Obama’s last word, though, wasn’t enough for CNN’s David Gergen who offered an amazing…meh in his post-Conference sound-bite. Gergen allowed Obama “impresses everybody with his competence…the subtlety of his mind:”

At the same time, I thought it was mostly passionless and frankly, boring.

Gergen allowed the Conference “came alive” at the end, but his thumbs down still drew a rebuke from CNN’s African-American panelist Roland Martin:

Let me also address something that David said. David talked about – well, you know, the nuance and what he said – you know, and it was boring. Well, you know what?
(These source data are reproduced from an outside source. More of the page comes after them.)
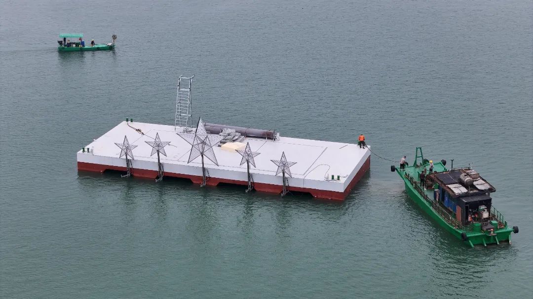 水上文旅配套工程现场已进入昼夜施工模式,全力确保这座集声光电科技与海洋元素于一体的沉浸式舞台如期绽放。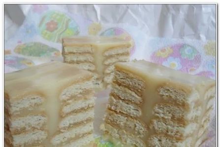 -cat inca este calda turnam budinca in strat subtire in tava tapetata cu folie alimentara, asezam un strat de biscuiti, turnam budinca. Alternam straturile de biscuite si budinca pana se temina. Acoperim cu folie si dam la rece pana se intareste complet .
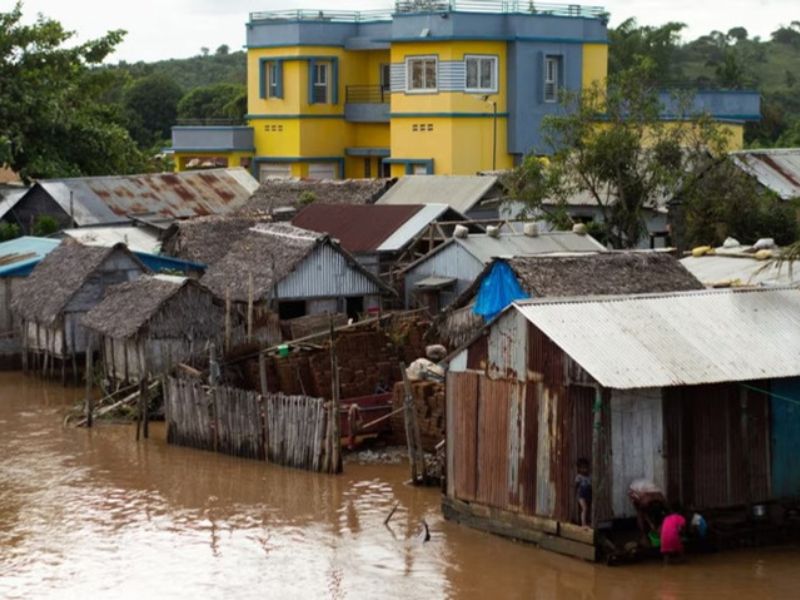 In the Diana and Sava regions in the north, bridges and roads were washed away and houses and rice fields were submerged. Residents paddled around their villages in canoes looking to help others trapped in their homes as the water level nearly reached the roofs of some buildings.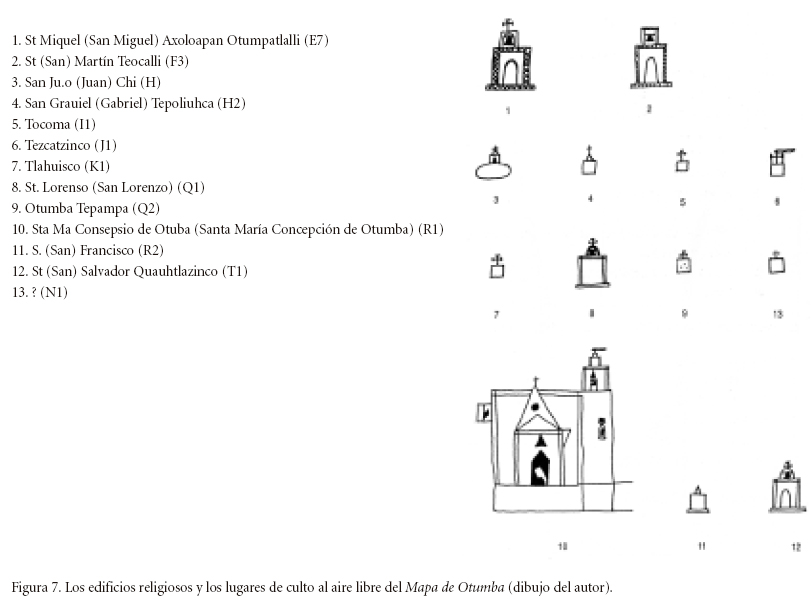 El contenido religioso del documento está representado por los trece edificios religiosos (figs. 2 y 7); ocho de ellos llevan un nombre de santo o de santa, muchas veces asociado con un topónimo náhuatl (1-4, 8,10-12) (E7, F3, H1, H2, Q1, R1, R2, T1). Su arquitectura es la del principio de la época colonial en la Nueva España, como lo atestigua el tipo de campanario de los edificios de grandes dimensiones, el llamado muro-campanario (espadaña) (fig. 7). La perspectiva jerárquica expresada en las dimensiones crecientes de los edificios ofrece una primera idea de la jerarquía religiosa católica contenida en el documento.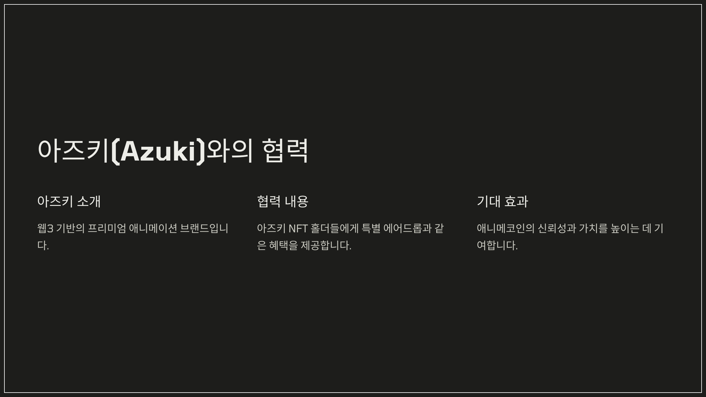 아즈키는 웹 3 기반의 프리미엄 애니메이션 브랜드로, 애니메코인의 생태계 발전에 깊이 관여하고 있다.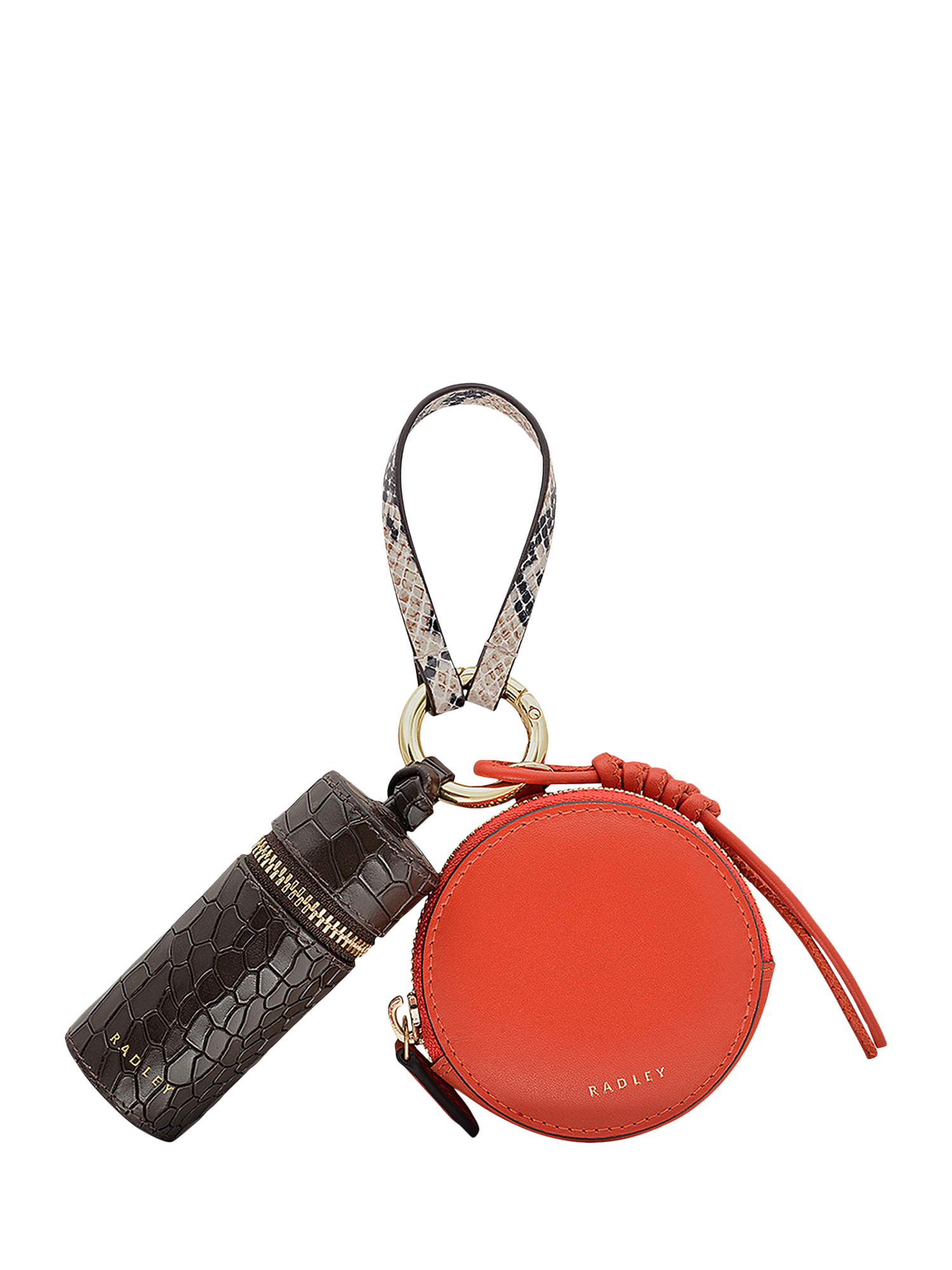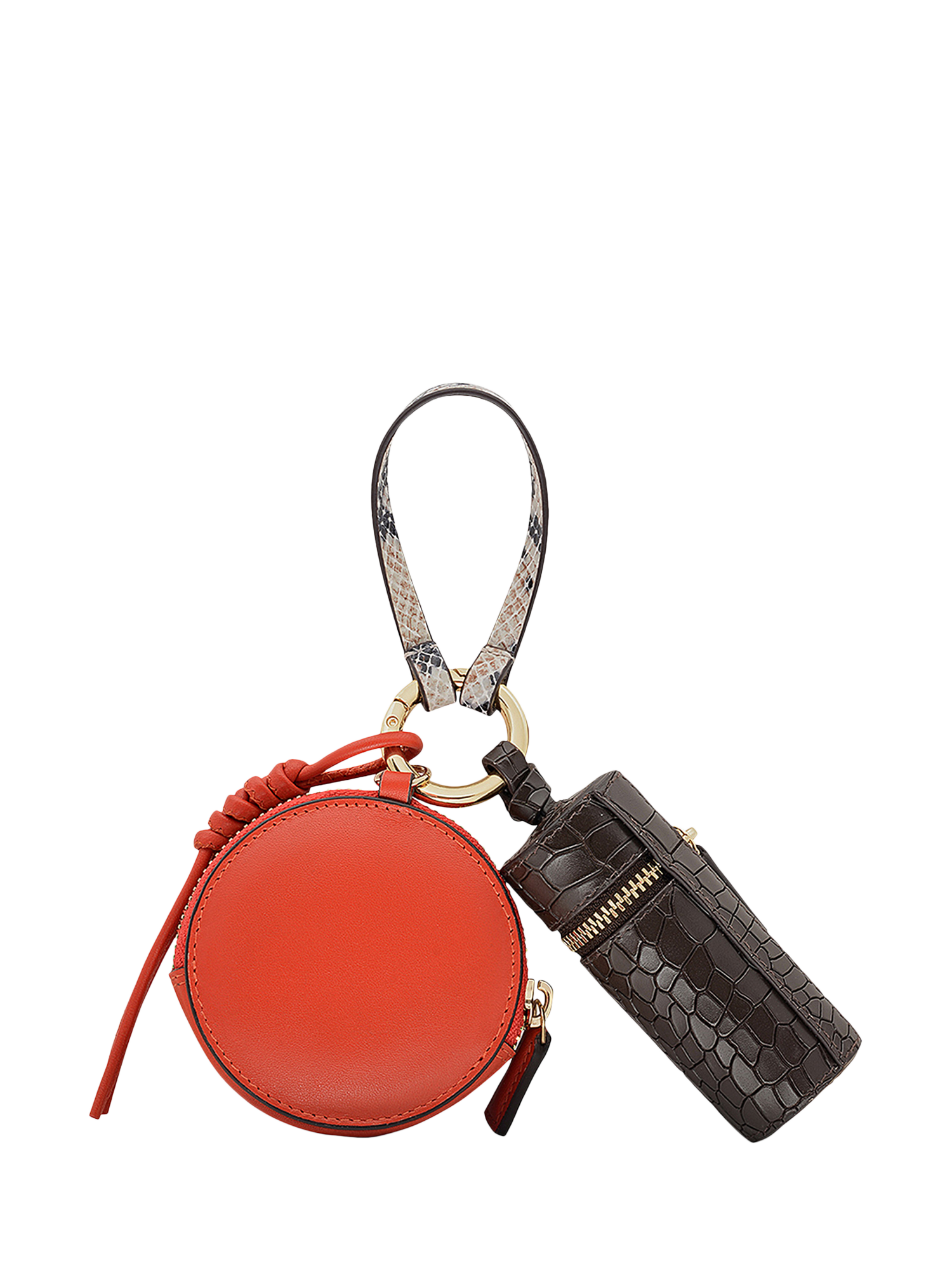 More than just a decoration, the Nicholas Road keyring features two zipped pouches perfect for storing those mini essential items. Crafted with contrasting textures of croc and snake-embossed leathers, a knotted leather charm and carabiner clip ring hardware.

He’s not an entertainer.

Martin went on to defend “the idea of talking about things in a substantive way,” rejecting once again the notion a President “should be entertaining.” Martin was speaking for himself, but he was also talking back to Gergen on behalf of multitudes of African Americans who take pride in Obama’s evident seriousness. Gergen’s flustered, flailing response to the race man’s on-the-fly critique suggested (to me) he’d been shamed. After all, his role on CNN is to serve as non-partisan judge of judges. He plays it well because it fits his own sense of himself as a smooth but honorable operator with a first-rate temperament and a history of service to his country. Yet here he was in the dock, on trial for trifling. The twinning of Martin’s and Obama’s black acts of judgment must have seemed a nightmare scenario to him – as if he was being mau-mau-ed by mo bettah patriots who made him feel mighty irreal (and mighty white).

Gergen is usually a human coolant so his (for him) hair-on-fire response to Martin’s protest hints he felt uneasy in his skin for a hot second. Gergen is a Carolina boy and I take his discomfort as a sign he feels the weight of his Southern past. On this score, he’s probably closer to his homie Lawrence Goodwyn than to a true Northern type like Sean Wilentz. Which means Gergen’s moral future is unwritten. Wilentz, though, seems fated to be eternally right (in his own head at least). A Southern writer’s phrase comes to mind: The poor bastard.

Notes

1 “You know what they say man, they say it’s all good.”

2 The break between Wilentz and Goodwyn may be most striking when it comes to their responses to Obama’s race speech. Goodwyn thought he’d been privileged to witness an act of imagination (and hear a soon-to-be-classic piece of American oratory). To Wilentz the speech was just a slick attack on…Geraldine Ferraro. (I’m reminded just now that in a conversation soon after the speech, Goodwyn commented on Obama’s forbearance toward Ferraro.)